MPRA Paper from University Library of Munich, Germany

Abstract: As asserted in standard literature, there is an implicit circular relationship between the productivity growth and the potential level of production (and, consequently, the estimation of the natural rate of unemployment is also altered). In order to avoid such emerging impediment in any estimating macroeconomic model, an autonomous dynamic model to estimate the trend of productivity growth must be used. Moreover, taking into account that the current level of productivity is implicitly influenced by the actual unemployment rate, it is usually recommended as a more accurate solution to try to obtain firstly an estimate for the “pure” productivity.

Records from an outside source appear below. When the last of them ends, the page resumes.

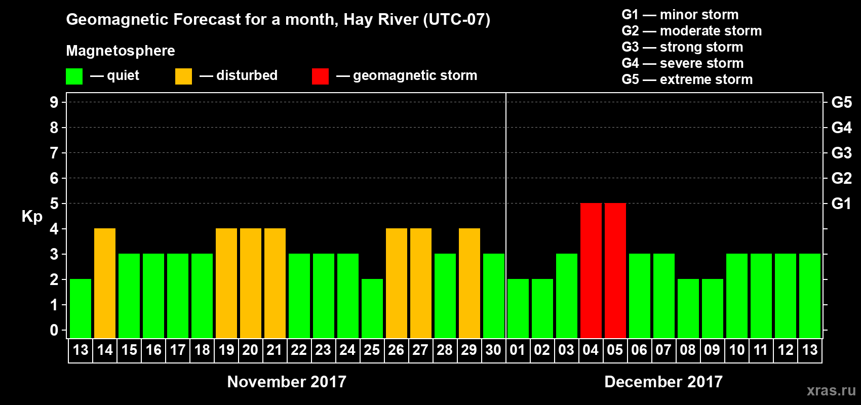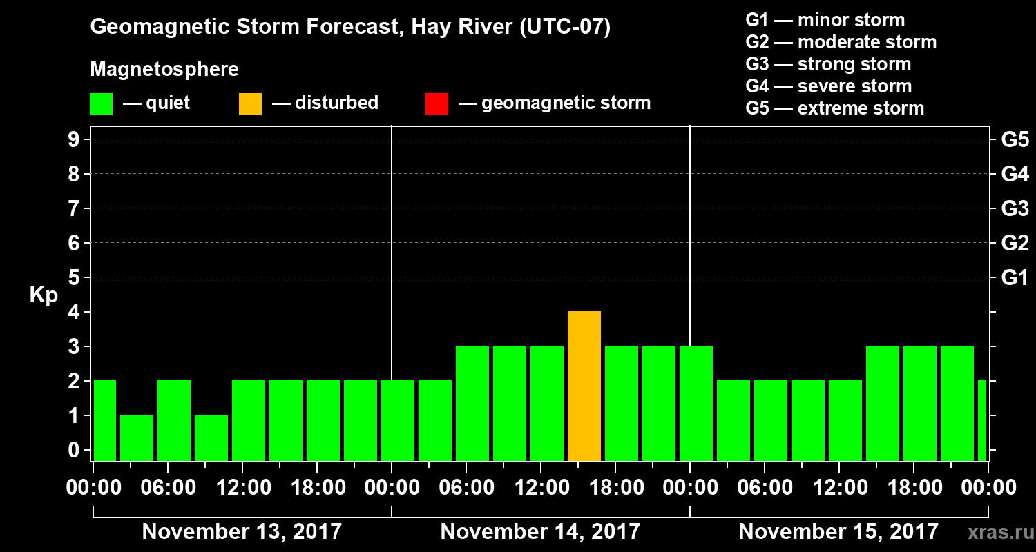 Geomagnetic storm forecast in Hay River for Nov 13, 2017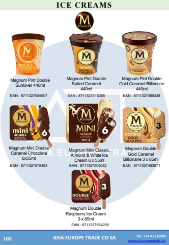 www.asiaeuropetrade.bizTel : +32 4 2535989www.asiaeuropetrade.bizASIA EUROPE TRADE CO SAICECREAMSMagnum PintDouble Sunlover440mlEAN : 8711327585607Magnum PintDouble Gold Caramel Billionaire440mlEAN : 8711327480438Magnum PintDouble SaltedCaramel 440mlEAN : 8711327315365Magnum Mini Double Caramel Chocolate6x55mlEAN : 8711327578463Magnum Mini Classic, Almond & White Ice Cream 6 x 55mlEAN : 8711327609082Magnum Double Gold Caramel Billionaire3 x 85mlEAN : 8711327483071Magnum Double Raspberry Ice Cream 3 x 85mlEAN : 8711327584259102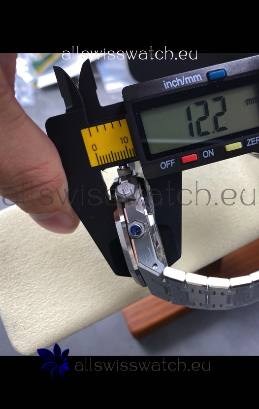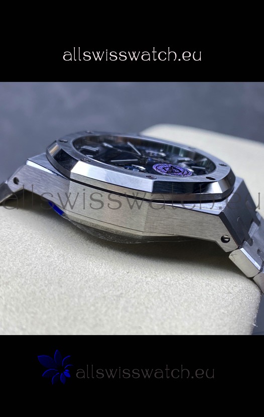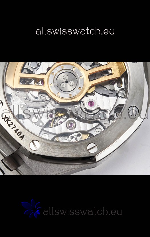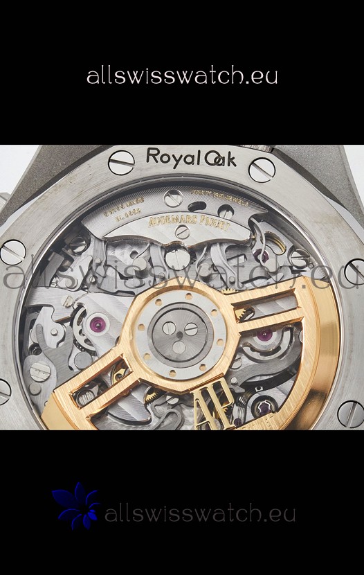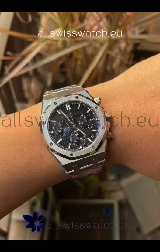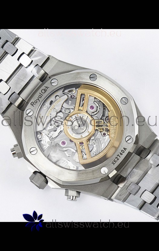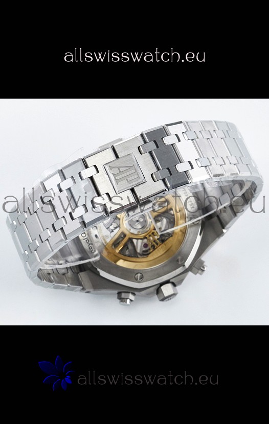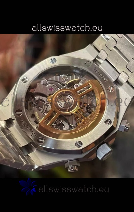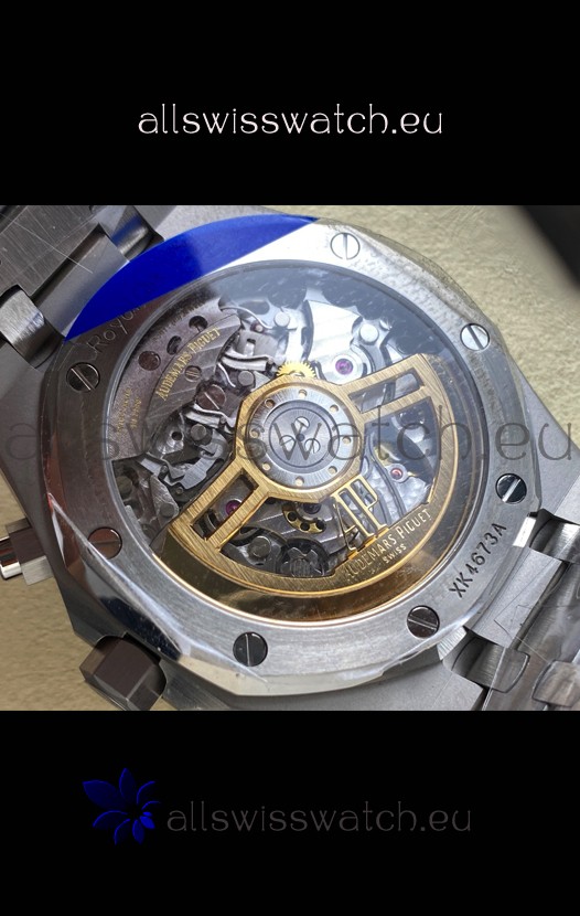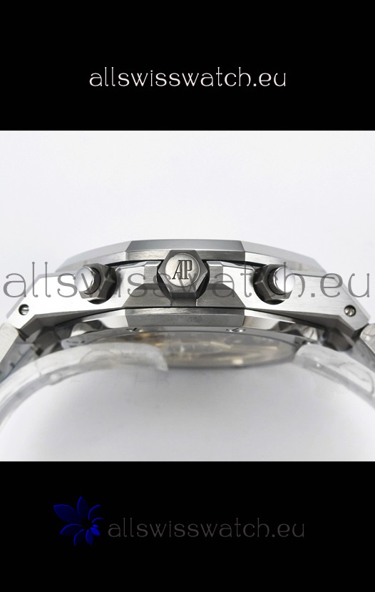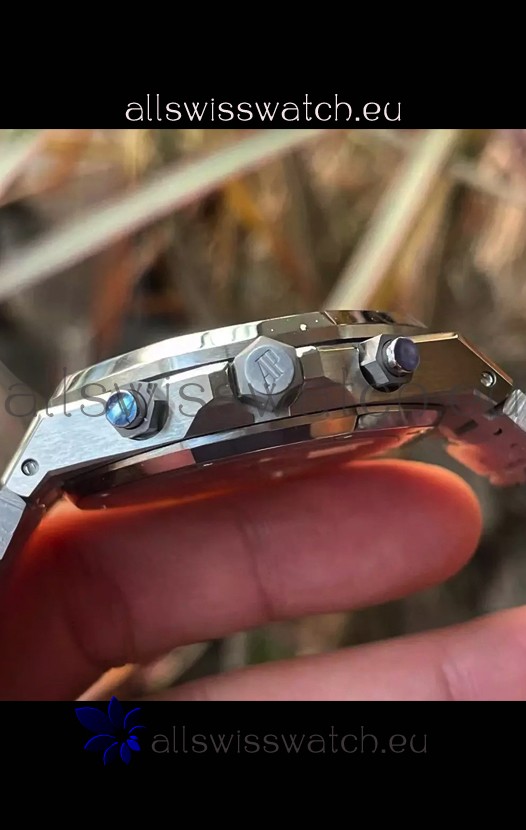 Machinery Layout exactly like Audemars Piguet 3126 Calibre Movement used in Authentic Audemars Piguet Offshore Watches. Built on Genuine Swiss 7753 Movement architecture with Functional stopwatch feature like the authentic with Seconds hand running at the 12 o clock Sub Dial

This must be neutral relating to the short-term changes in employment, but in long run, it is affected by factors such as the general technological progress, the increase in the educational level, the growth of the R&D system, the expansion of the “new economy”, etc. In this paper, we use a simple dynamic model to estimate the growth of pure productivity independently of the actual level of employment and, implicitly, of the unemployment rate. Afterwards, the estimated changes in the pure productivity level are compared with the potential production trend in the case of the Romanian economy during the transition period.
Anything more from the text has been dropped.